Python version: 3.9.2
- Run:
bash install.sh
- Download the pacscore clip_ViT-B-32.pth fine-tuned checkpoint from the pacscore repo and locate it under pacscore/checkpoints.
To use the ensemble evaluation method with our proposed weights, use:
from metrics.ensembeval_score import compute_ensembeval_score
scores = compute_ensembeval_score(candidates, references, image_paths)
Where candidates
is a list of captions, references
is a list of lists of reference captions, image_paths
is a list of strings with locations of images. For example:
import json
from metrics.ensembeval_score import compute_ensembeval_score
with open('example/references.json', 'r') as fp:
ref_dict = json.load(fp)
with open('example/candidates.json', 'r') as fp:
cand_dict = json.load(fp)
correct_candidates = [cand_dict['im1'], cand_dict['im2']]
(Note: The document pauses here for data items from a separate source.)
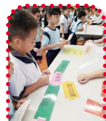
小一及小三學生透過喜樂課堂外的活動學習中文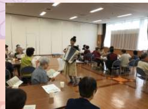
↑14kgもあるアコーディオンを演奏しながら練り歩くよっちゃん。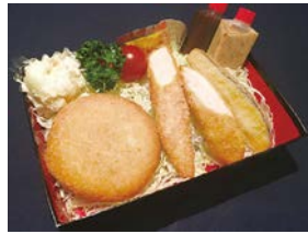
② ささみカツ・カニクリーム弁当 Chicken Tenderloin Cutlet & Crab Cream Croquettes Bento 1,200 円 (税込)

※すべてのお弁当にご飯(白飯)がつきます。 ※ご飯の大盛りは50円増しで承ります。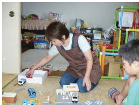
子どもと親の応援隊

乳幼児健診の機会を活用するとともに、発達障がい児が通う学校・園との連携を密にすることにより、発達障がい児の早期発見に努めます。あわせて児童委員などが地域の見守りを行い、相談に応じます。また、発達障がい児の支援に取り組むNPOや地域団体と協働して、地域における「子どもと親の応援隊」の継続的な取り組みを進めます。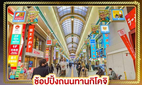
ช้อปปิ้งถนนทานุกุโคจิ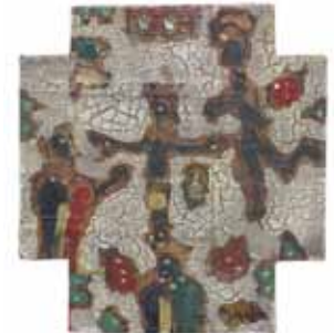
81 *** FÉLIX ZAPATA (MONTERREY, N.L.)

Cruz con Milagros. Mixta/ madera. Firmada. 26 x 24 x 4 cm.

references = [ref_dict['im1'], ref_dict['im2']]
image_paths = ['example/im1.jpg', 'example/im2.jpg']
scores = compute_ensembeval_score(correct_candidates, references, image_paths) # 0.9107, 0.9712
incorrect_candidates = [cand_dict['im2'], cand_dict['im1']]
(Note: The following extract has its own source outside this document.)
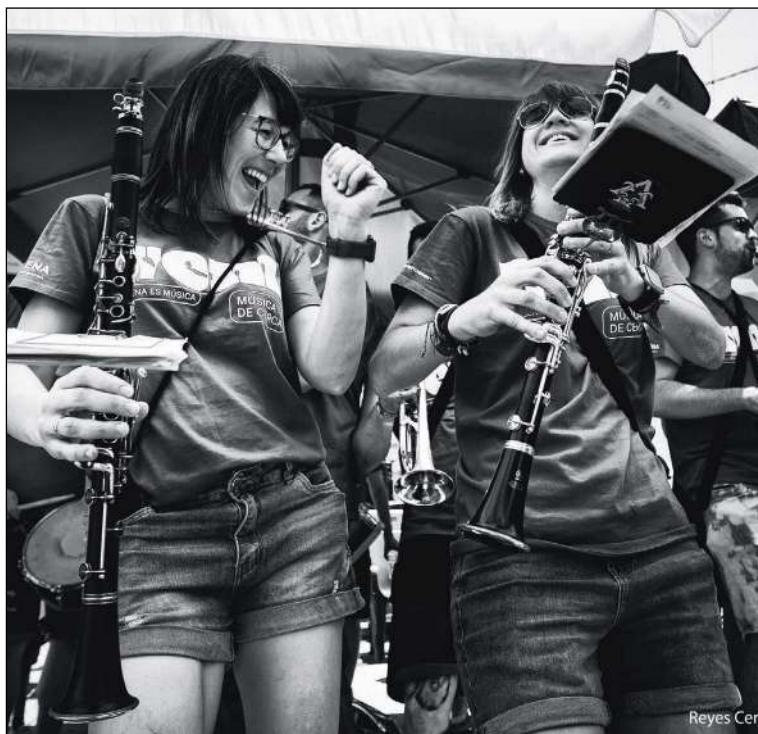
Obra premiada del fotògraf Reyes Cerdà Mira

Les obres premiades podran veure's exposades en el Space Photo de la Casa de la Cultura de Villena fins al divendres 14 de juliol.

scores = compute_ensembeval_score(incorrect_candidates, references, image_paths) # 0.2022, 0.2118
To use your own weights, provide a mapping from metric to weight using the weights
arguments:
scores = compute_ensembeval_scorecandidates, references, image_paths, weights=your_weights)
If none of the metrics in your provided weights use references or images, you can specify None
in the corresponding argument.
To replicate the results for correlation with human ratings provided in the paper, first download the relevant data, and then use our code to run the experiments.
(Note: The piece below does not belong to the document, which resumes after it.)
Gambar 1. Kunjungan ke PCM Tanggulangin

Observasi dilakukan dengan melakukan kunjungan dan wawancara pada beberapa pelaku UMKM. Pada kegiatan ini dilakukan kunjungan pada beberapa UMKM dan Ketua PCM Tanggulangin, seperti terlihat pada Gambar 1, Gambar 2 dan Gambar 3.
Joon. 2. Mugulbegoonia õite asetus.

Each human ratings datasets requires data from existing image captioning datasets. First, download the following image captioning datasets:
- Flickr8k (needed for Flickr8k-Expert, Flickr8k-CF and Composite): Download the dataset from the following link.
- Flickr30k (needed for Composite and the Reformulations dataset): Download the dataset from the following link.
- MSCOCO (needed for Composite, ThuMB and the Reformulations dataset): Download the 2014 val images from the following link.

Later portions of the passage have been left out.